Can I delete a union component without checking whether it stores that object?

Question

I mean the following. I have a few classes which inherit the same base class. Union consists of pointers of these classes:

#include "stdio.h"

class A {
public:
    A() { printf("A\n"); }
    virtual ~A() { printf("~A\n"); }
};

class B  : public A {
public:
    B() { printf("B\n"); }
    virtual ~B() { printf("~B\n"); }
};

class C : public A {
public:
    C() { printf("C\n"); }
    virtual ~C() { printf("~C\n"); }
};

int main() {
    union {
        B* b;
        C* c;
    } choice;
    choice.b = new B();
    delete choice.c;    //We have B object, but deleting C
    return 0;
}

It seems to work, but I'm not sure if it isn't implementation-specific behaviour. Can I use such weird deleting method or should I remember a type of stored object and delete it respectively?

P.S. I use C++11 and want it works on both GCC and Visual C++ (2012 and higher). In a real project I have more complex class hierarchy but all of them are successors (directly or indirectly) of the same abstract base class

Answer 1

This is a double dose of undefined behavior. First, you can't delete a B through a pointer to C. §5.3.5 [expr.delete]/p3:

In the first alternative (delete object), if the static type of the object to be deleted is different from its dynamic type, the static type shall be a base class of the dynamic type of the object to be deleted and the static type shall have a virtual destructor or the behavior is undefined. In the second alternative (delete array) if the dynamic type of the object to be deleted differs from its static type, the behavior is undefined.

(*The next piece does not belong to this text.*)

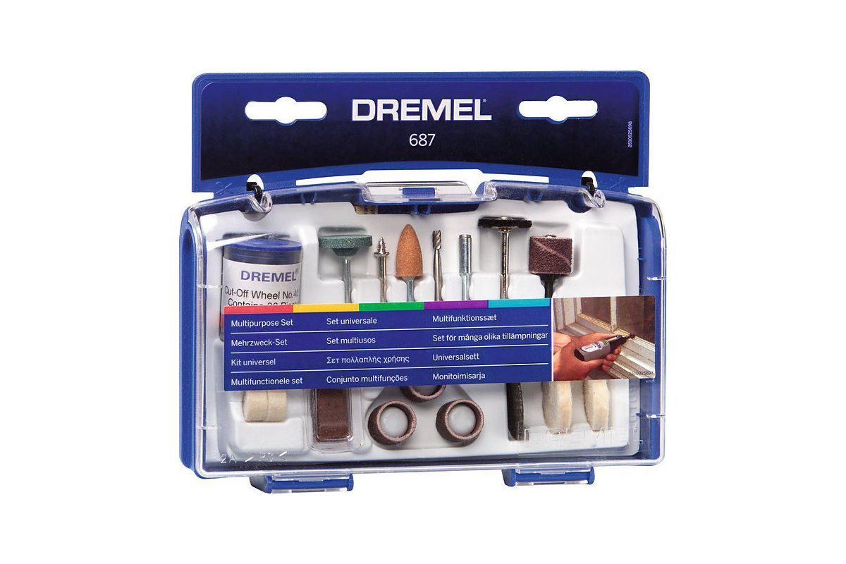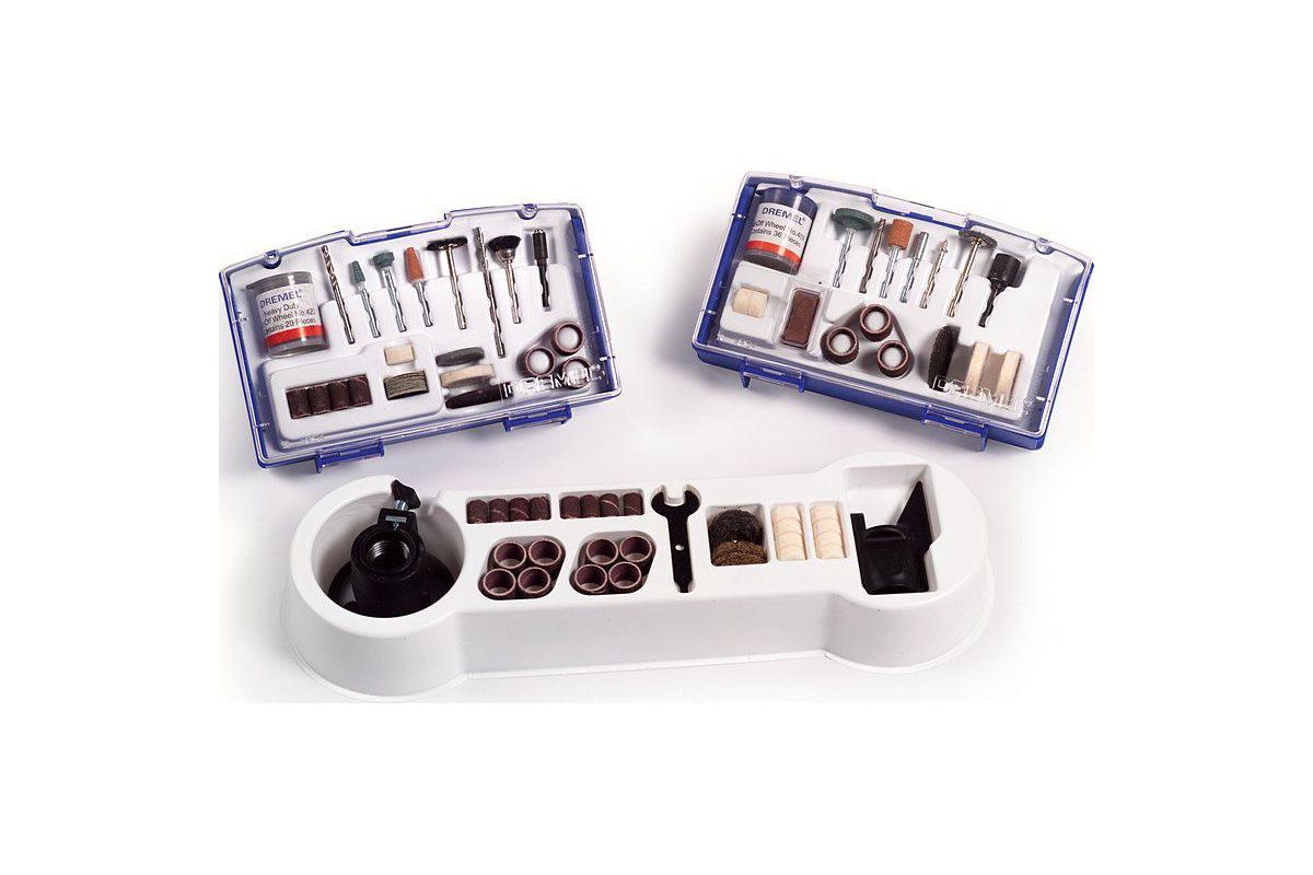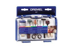 Набор для дрели DREMEL 687 – это комплект наиболее часто используемых насадок. Принадлежности хранятся в удобном пластиковом кейсе. Вынимаемый поддон для насадок и три разделителя обеспечивают максимально комфортное хранение. Брошюра DREMEL Quick Start объясняет назначение каждой насадки.

Second, accessing the inactive member of a union is also undefined behavior in C++.

There's no need to use an union here anyway. B and C share the same base class, so you can just store the pointer in an A *.

Answer 2

You shouldn't. You are only allowed to read from the union member you last wrote into and you're only allowed to delete an object through a pointer to a base class (if it has a virtual destructor). It may seem to work now, but you may find it to break randomly in the future, usually due to an aggressive optimizer.

Why don't you store a pointer to A instead of the union?

Answer 3

As it has been said in other answer, this is not proper C++.

My impression is that you want to keep an union of pointers because in certain circumstances you need an instance of a (sub)class of B, and in another an instance of C, with the issue of B and C having not quite the same interface. Perhaps you store several of these in a container, or simply you don't know until runtime which instance will be used.

So you may keep your code as it was, with perhaps a type tag somewhere indicating which instance has been created, and then use a switch each time you need to determine the correct code to run, or you could leverage your classes to actually invoke the proper function at run time, by including in the common base class of B and C⁽¹⁾ a virtual method, and overload this method in B and C with the proper branch of the switch, then replace the union with a simple pointer to the base class.

---

_{(1) that base class doesn't have to be A: if you don't want to clutter your class tree, just make a different class having the minimal interface needed there, and thanks to C++ multiple inheritance, have B and C inherit from it as well. Don't forget the virtual destructor!}

Answer 4

For me this case looks legit and there is no undefined behaviour.

1. He is using type-punning and it is legit because it B* b and C* c in union members is a pointers and could be converted to char array.
2. Both B and C have virtual destructor because of base class (not because base is a same! but because base have virtual destructor).

   12.4.9 If a class has a base class with a virtual destructor, its destructor (whether user- or implicitly-declared) is virtual.

3. While destructor call, (because it is virtual) exact function address will be picked up from choice variable and proper destructor sequence will be called. So there is no ANY undefined behaviour at all.